Auch für das E-Rezept ist zunächst eine Registrierung notwendig. Diese sei im Rahmen des Registrierungsprozesses für die Videosprechstunde möglich. Für das E-Rezept müssten die Patienten entweder bei einer der teilnehmenden Kassen versichert sein. Das E-Rezept startet zunächst im Rhein-Main-Gebiet und soll sukzessive in ganz Hessen ausgerollt werden.

Apotheken, die am Pilotprojekt teilnehmen wollen, müssen sich einmalig im eVerordnungsportal registrieren – Informationen hierzu gibt es beim HAV.

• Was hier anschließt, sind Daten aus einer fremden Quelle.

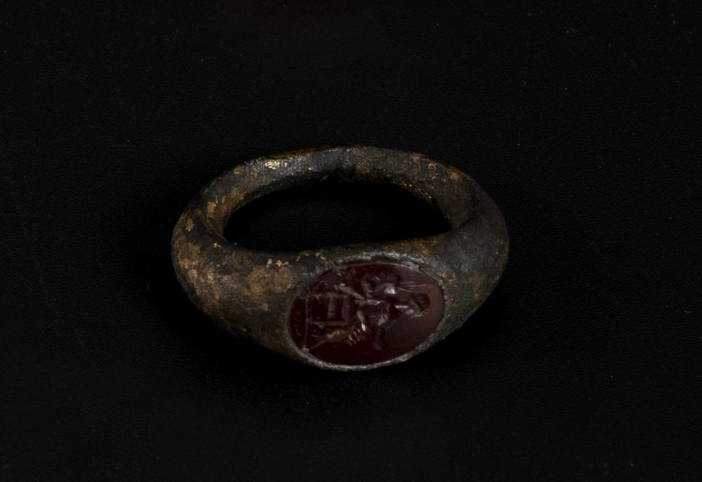 STATO DI CONSERVAZIONE: ossidato, corniola ricomposta da due frammenti

„Unser primäres Ziel ist es, die ärztliche Versorgung in Hessen flächendeckend und langfristig zu sichern. Dies wird realistisch nur dann funktionieren, wenn wir mit dem frühzeitigen Ausbau der telemedizinischen Möglichkeiten schon heute die Weichen für die Zukunft stellen. Mit dem Modellprojekt machen wir einen wichtigen Schritt für die Versorgung von morgen und verringern durch die Reduzierung persönlicher Kontakte bereits heute das Risiko einer Infektion mit dem Coronavirus für die Patientinnen und Patienten und für das ärztliche und nichtärztliche Personal in den ÄBD-Zentralen“, erklärt Frank Dastych, Vorstandsvorsitzender der KVH. Holger Seyfarth, Apotheker und HAV-Vorsitzender, erklärt, warum auch der HAV mit dabei ist: „Nur mit Apotheken, die E-Rezepte empfangen und verarbeiten können, bieten Videosprechstunden den Patienten einen echten Mehrwert. Für uns ist das Projekt daher eine logische Weiterentwicklung unseres bestehenden Angebots.“

Die beteiligten Krankenkassen – die AOK Hessen, DAK und TK in Hessen – sind ebenfalls von dem Projekt überzeugt: „Wir wollen die neuen technologischen Möglichkeiten für die Optimierung des Gesundheitssystems nutzen – mit verbesserten Bedingungen für alle Akteure, aber vor allem mit dem Patienten im Blick“, erläutert Detlef Lamm, Vorstandsvorsitzender der AOK Hessen. Und Sötkin Geitner, Leiterin der Landesvertretung Hessen der DAK, ergänzt: „Das E-Rezept für Hessen hilft die Qualität in der Gesundheitsversorgung für die Patienten zu verbessern.“

Dr. Barbara Voß, Leiterin der TK-Landesvertretung in Hessen sagt: „Dass Patienten dank der digitalen Lösungen auf direkte Kontakte im Ärztlichen Bereitschaftsdienst und in der Apotheke verzichten können, ist gerade jetzt besonders hilfreich.“ „Mit dem eVerordnungs-Portal „More“ haben wir eine Lösung entwickelt, die den Patienten in den Mittelpunkt stellt und nicht den Anspruch hat, den heutigen Papierprozess nachzubauen. Viel mehr ermöglichen wir eine weitere Automatisierung und Optimierung der Prozesse“, so Dr. Jochen Pfänder, Geschäftsführer von Optica.

Nach der Devise „von den Besten lernen“ orientiere sich das Projekt an Estland, dem digitalen Vorreiter in Europa, so die KV Hessen. Das baltische Land habe seine gesamte Verwaltung bereits auf digital umgestellt. Diese basiere auf einer FHIR-Plattform und der Verbindungstechnologie X-Road, einem komplexen System aus Infrastruktur, Standards und Programmen für den sicheren Austausch zwischen dezentralen Datenbanken. Auf dieser bereits in der Praxis bewährten Grundlage setze das Projekt technisch auf. Das nötige Spezialwissen steuert – als einer der Projektpartner – das estnische IT-Systemhaus Nortal bei.